の4つあります。この4つすべてをテストするのが、複数条件網羅

ちなみに、1つ前の条件網羅についてもう一度書くと。

最低でも1回、真偽の判定が正しいか?が検証できればいいです。

(CSVが0件でない,0件でもCSVはつくる)
={(真,真),(偽,偽)}
={(CSVができる),(CSVができない)}

え?でも、条件網羅だけだと、なんだか不安。

複数条件網羅でテストするべきじゃないの?

その通りではあるのですが・・・。

複数条件網羅をやると、テストケースがかなり多く場合もあるので・・・。

おっと、ここらへんは、大人の事情ですね(*´ω`)。

単体テストでは、ホワイトボックステストの比重が高くなる

単体テストでは、ホワイトボックステストの比重が高くなります。

判定条件網羅やら、条件網羅やら、細かいところをしっかりとみるのがホワイトボックステスト。

1つ1つのプログラムの作りが、詳細設計書通りに正しく作られていることを、単体テストで担保したうえで。
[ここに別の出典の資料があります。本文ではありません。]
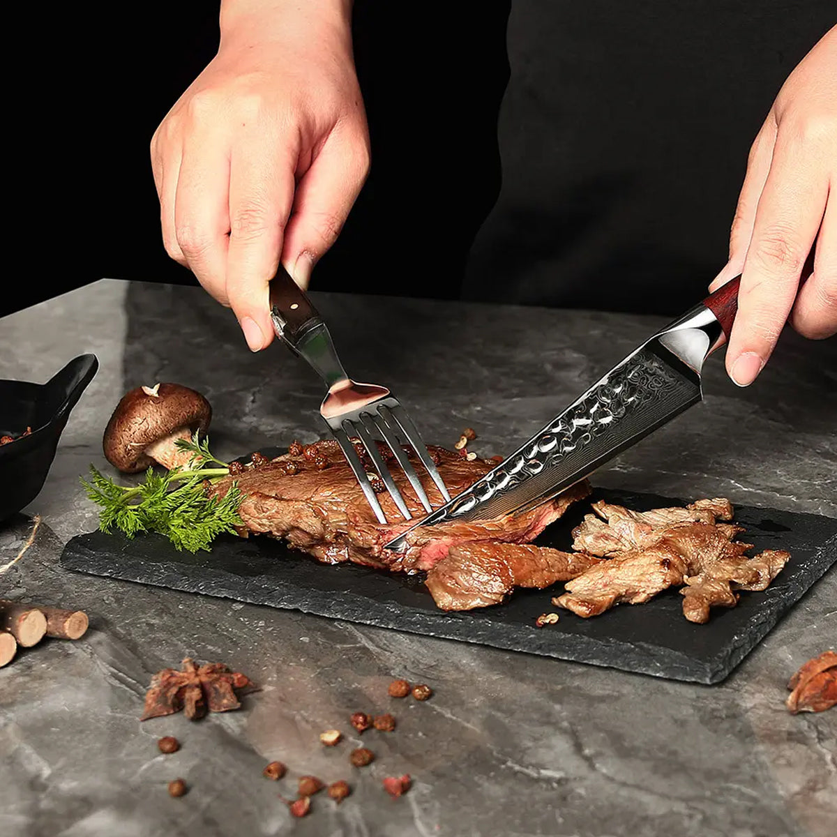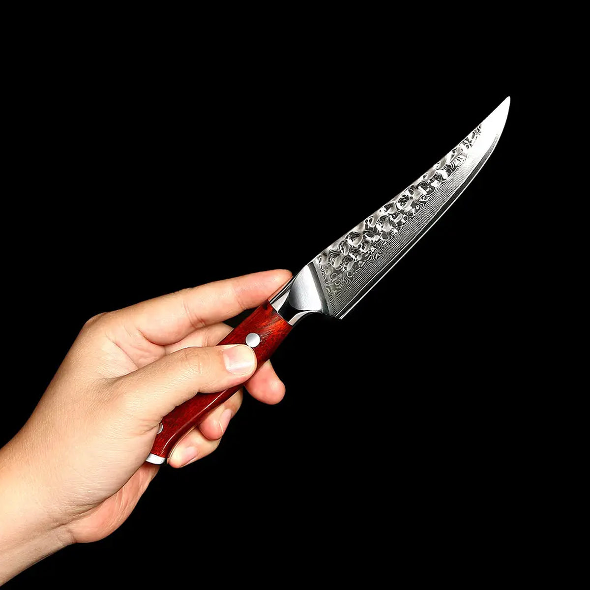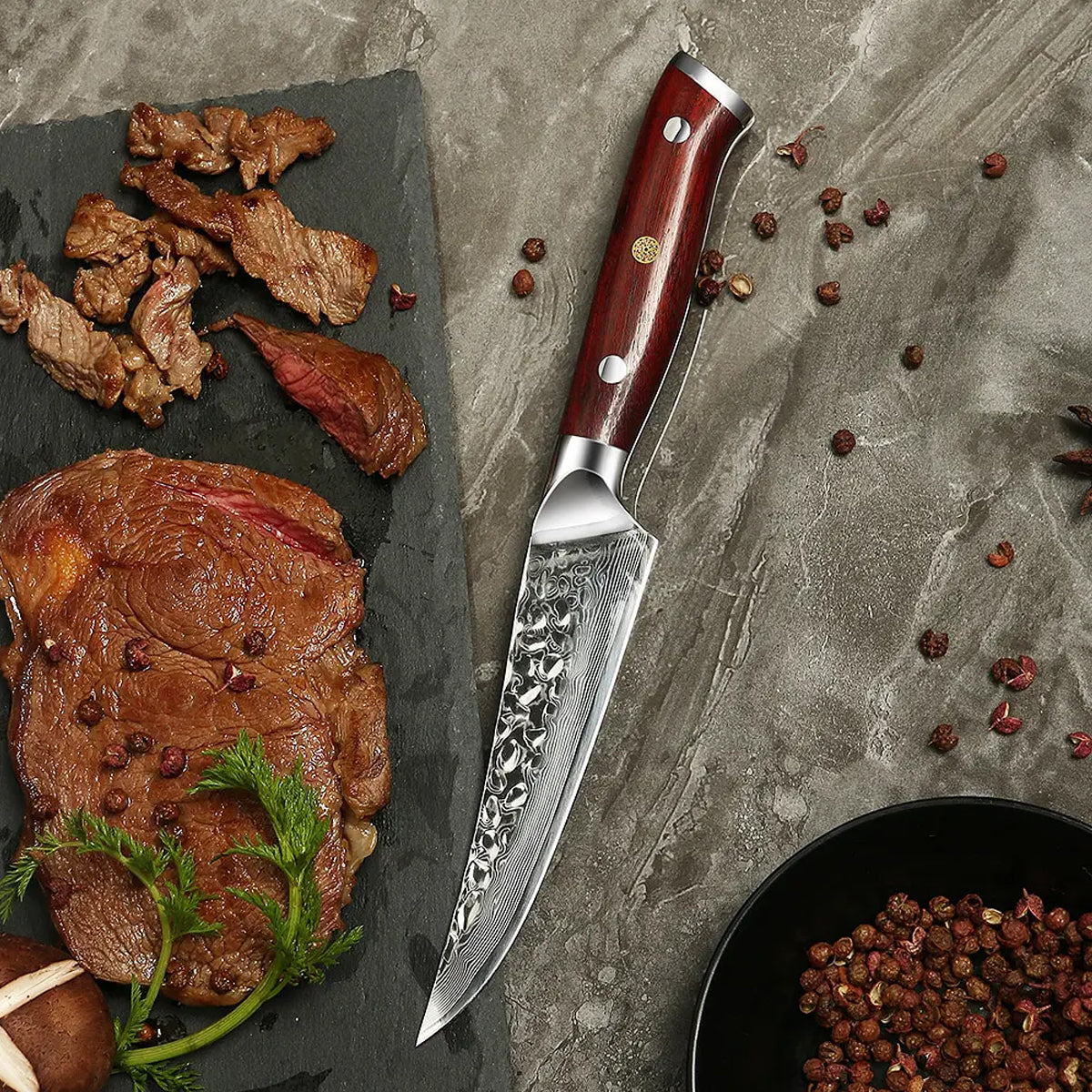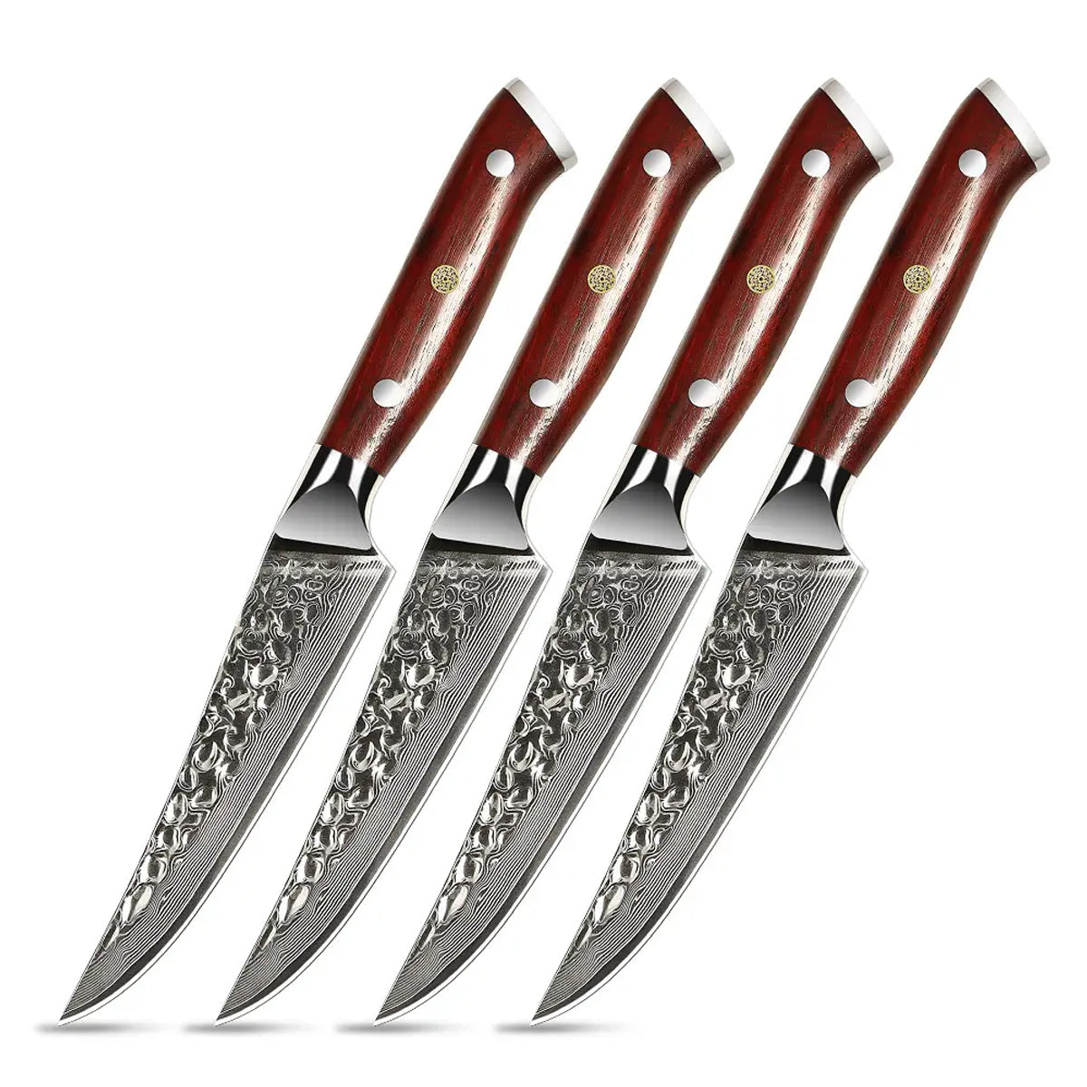 Cuchillo Bistec 12cm 10Cr+Damasco MARTILLADO PaloRosa (Set x4 unidades)

プログラム同士を合体して動かして、結合テストへと進んでいきます。

結合テストでは、ブラックボックステストがメインです。

まとめ

ホワイトボックステストきたら、プログラムの中身と内部構造に注目する試験のこと。

結果が正しいか?だけではなく、命令網羅やら判定条件網羅やら条件網羅やら複数条件網羅やらで、細かいプログラムの中身・分岐までしっかりと見てやります。

いろんなテストパターンを網羅して、テストが完了したら、プログラム単品の完成が近づく。

ホワイトボックステストは、プログラム(モジュール)単品を完成させるための作業と思ってくださいまし(-_-;)。